Laujon, ancêtre des Dabadie et autres Roda-Gil,
avait, on l’aura compris, la plume facile. On le découvre, on le fredonne – la
musique est notée – en feuilletant les trois volumes qui forment ses A propos de société ou chansons suivis
des A propos de la folie ou
chansons grotesques, grivoises et annonces de parade. Souvent, en
préambule des chansons qui y figurent, le parolier raconte où, quand, comment
et pourquoi elles furent composées. Combien de fois apprend-on que c’est en
quatrième vitesse, sur le coin d’une table qu’il se mit à l’œuvre. C’est
systématiquement entre le retour de chasse et le dîner que furent écrits les
couplets destinés à être chantés entre la poire et le fromage. Un seul
exemple : Laujon assure que les couplets de
sa Chasse heureuse qui,
selon lui, « a le
petit mérite de l’à propos et une légère teinte de gaîté »
furent écrits à la diable comme il
le raconte ainsi : « à peine avais-je eu le temps
de les écrire (puisque je n’avais fini mon dernier couplet qu’à table)
que je dus l’entonner car cet impromptu fait à loisir,
je m’étais presque engagé à le
chanter au dîner. »
Que Berny soit béni
S’il fut, n’en doutons pas, un fin courtisan, s’il sut feindre et se composer
à l’occasion une mine de circonstance, Laujon n’eut pas de grand effort à faire
pour se montrer enthousiaste à l’endroit de Diane. On apprend, de l'aveu même du parolier, qu’il était chasseur, et pas qu’un peu encore. Lors de sa rencontre
avec le comte de Clermont, alors que les habitués de Berny lui racontaient que
« l’on y jouait la comédie, la parade, qu’on y entendait d’excellents
concerts, [il reconnut que ce qui l’affecta le plus était] qu’au moins deux
fois la semaine, ils allaient le matin à la chasse. Il le confessa dans ses
souvenirs avec beaucoup de vivacité : « “À la chasse, m’écriai-je, vous allez à
la chasse messieurs ! Ah que vous êtes heureux, j’en raffole moi !”

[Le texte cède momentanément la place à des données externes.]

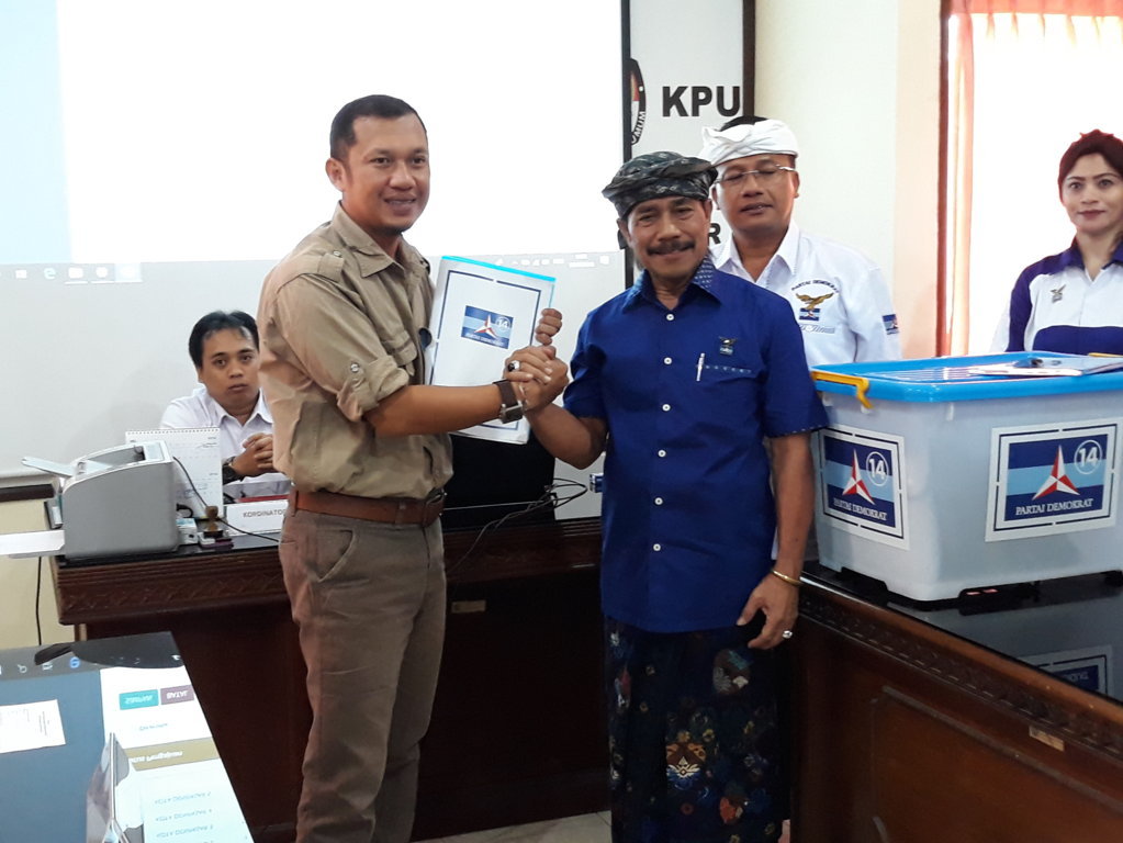 BALI TRIBUNE - Partai Demokrat Bangli mengawali pendaftaranbakal calon legeslatif ( Caleg) terlebih dahulu melakukan persembahyangan bersama di Pura Kehen Bangli,Selasa (17/7). Usai melakukan persembahyangan bersama di pura terbesar di kecamatan Bangli tersebut ,baru melakukan pendaftran bakal Caleg ke Kantor KPU Bangli Ketua DPC Partai Demokrat Bangli, I Komang Carles mengatakan tujuan persembahyangan bersama dilakukan tiada lain untuk memohon doa restu

“Ah, vous aimez la chasse, me dit le Prince qui m’avait entendu, eh bien vous
chasserez.” Nouveau motif d’enchantement et qui contribua à doubler, [vous
l’imaginez bien], ma gaieté pendant le souper. »
Des chansons de chasse
Voilà qui explique que les trois volumes illustrés de si charmante façon
par Moreau le jeune soient ponctués, ici et là, de chansons aux accents
cynégétiques.
Citons-en quelques titres : Retour
de chasse, « impromptu fait à loisir au
retour d’une battue où l’on avait tué beaucoup de gibier et qui fut chanté pour
égayer le diner » ; La chasse heureuse, chanson
qui fut faite en 1765, « et dont on demanda
à l’Auteur de faire le récit en couplets ; aussi furent-ils chantés à
table, une demi-heure après son arrivée » ; Chanson faite à Chantilly et chantée au retour d’une chasse de saint Hubert où l’auteur s’étoit trouvé, chasse pour laquelle
« on avoit construit une salle de fleurs & de verdure à un Rendez-vous
de la forêt» ou encore cette Chanson de chasse et de table qui « fut chantée par l’Auteur à SAS
Monsieur le Comte de Clermont à la première Chasse qu’il fit après une longue
attaque de Goutte. » Les couplets de la petit quinzaine de
chansons cynégétiques du recueil, sans prétention et faciles à
reprendre à l’unisson, ont
tous, on l’aura compris, la saveur de l’anecdote vécue.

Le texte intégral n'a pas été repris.